Promise of FHIR

Abstract

FHIR (Fast Healthcare Interoperability Resources) provides a set of guidelines for the security and structure of data exchanges between healthcare providers and systems. It would do any worker in the healthcare industry well to have a comprehensive understanding of the relevance of interoperability. "Interoperability" refers to the capacity of different information systems and software programmes to collaborate and share data with one another. Interoperability has been difficult to achieve in the healthcare industry due to the large number of complex systems that are being developed, utilised, and networked together. Despite this, many different types of software and computer systems are now capable of automatically sharing data with one another. When using integrated software, it is possible for data to be automatically exchanged between programmes that have been designed with consideration for one another. Application programmes that are generated independently of one another tend to be more intricate and may not comply to the same structure and format constraints as standardised software. Standardized software is developed by a single company. An interface is built in order to make it easier for the application that is receiving the data to translate the format into one that can process the data. By offering resources for mapping different proprietary formats to one another and making it easier to transport data, standard messaging protocols make it possible for different computer systems to work together. These laws are established by organisations that are referred to as standards development organisations (SDOs), and in order to be acknowledged as valid, these SDOs typically submit applications to the American National Standards Institute (ANSI).

Introduction

            Interoperability in healthcare refers to "the ability of various HIT to exchange, comprehend, and utilise data cohesively." The health care business is increasingly converting to a digital infrastructure as a result of the high speed of technological progress. As a result, the healthcare business will be able to reach out to a wider audience more efficiently. Interoperability in healthcare is essential due to the necessity to share patient information across several platforms and devices. It is essential for Health IT that information be shared throughout many facilities, including but not limited to hospitals, laboratories, small medical practises, pharmacies, and clinics. This enhances the efficiency and effectiveness of all medical staff by facilitating better communication amongst them. The procedure of transferring patient records across healthcare facilities is easy and uncomplicated. Interoperability is very promising since it removes the necessity for all healthcare organisations to utilise the same software in order to share patient information. Professionals in the healthcare industry need to embrace new practises in the workplace if they are to stay up with the rapid changes in the industry and continue giving quality care to their patients. Interoperability aids healthcare providers in providing top-notch care by facilitating the rapid and seamless exchange of patient records between disparate computer systems (Lehne, Luijten, genannt Imbusch et al., 2019). The importance it now holds in the healthcare industry may be attributed to the positive effect it has had on patient outcomes. Electronic health records have revolutionised the healthcare industry by using the power of the internet to store and share medical data. Interoperability is essential in health IT so that doctors and nurses may exchange an infinite amount of patient data.

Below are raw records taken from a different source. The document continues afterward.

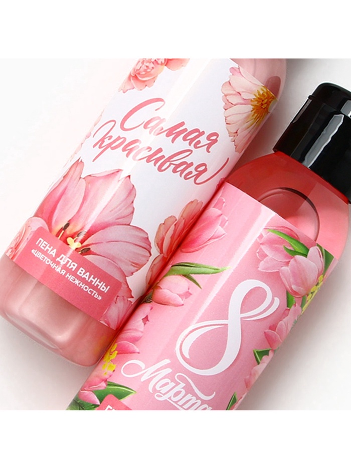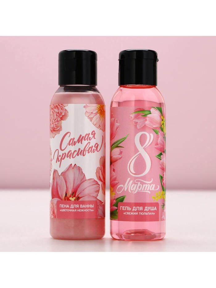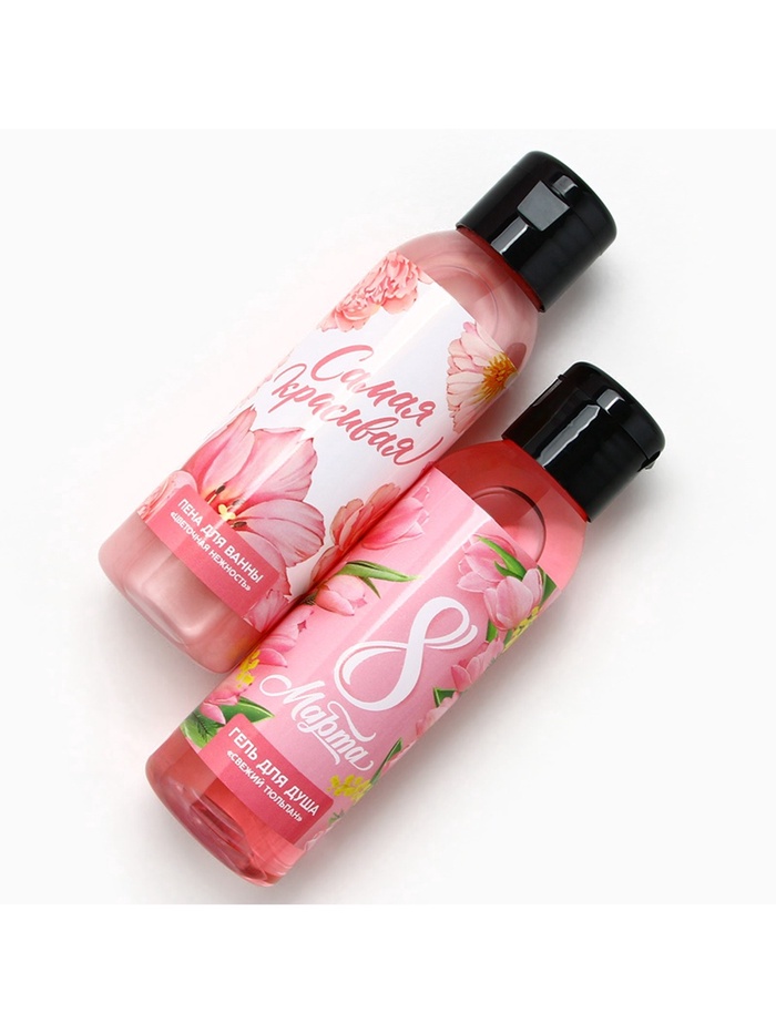 Подарочный набор «8 Марта!», гель для душа и пена для ванны 2×100 мл, мочалка для тела, Чистое счастье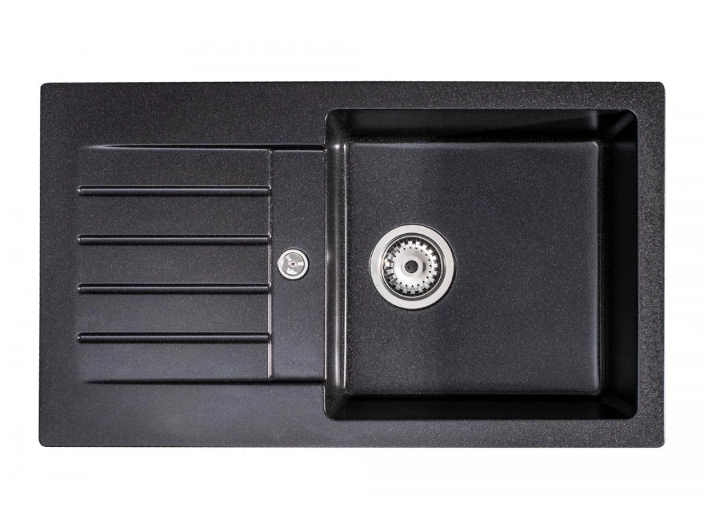 - Granitový kuchynský drez v čiernej farbe s odkapávačom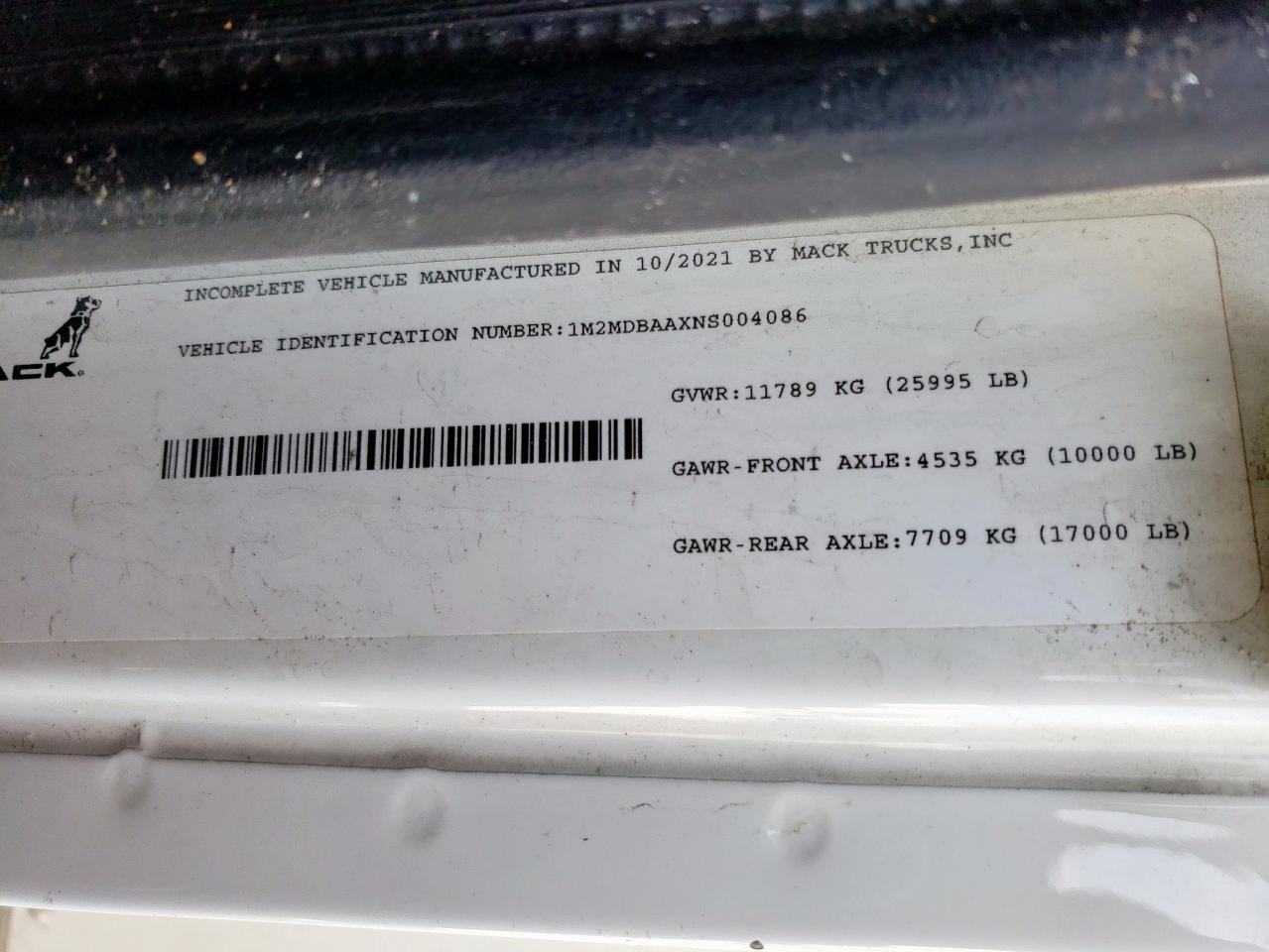 FairThe MACK MD 2022, white in color, shows signs of considerable wear and tear. The vehicle's primary damage is 'ALL OVER' with secondary 'ROLLOVER' damage. The engine starts, indicated by the 'Vehicle Starts' code. The exterior exhibits moderate damage to the body panels. The interior shows visible damage, suggesting a need for repair. The wheels appear to be functional. The lights and glasses show signs of damage. Interior damage includes possible damage to the interior panels and upholstery. The airbag condition is unknown.

            One of the key security challenges facing federal healthcare is the lack of consistent standards for exchanging information between systems. This can result in fragmented data and make it difficult to share information between healthcare providers, which can compromise the quality of care. FHIR helps to address this challenge by providing a consistent standard for exchanging information, making it easier for different systems to communicate with each other and share data. FHIR also includes built-in security measures to help protect the privacy of patient health information (Karhade, Schwab, Del Fiol et al., 2021). For example, it includes guidelines for the secure transmission of data, such as the use of encryption, and it also includes provisions for controlling access to information, such as the ability to grant or revoke access to data based on a patient's authorization.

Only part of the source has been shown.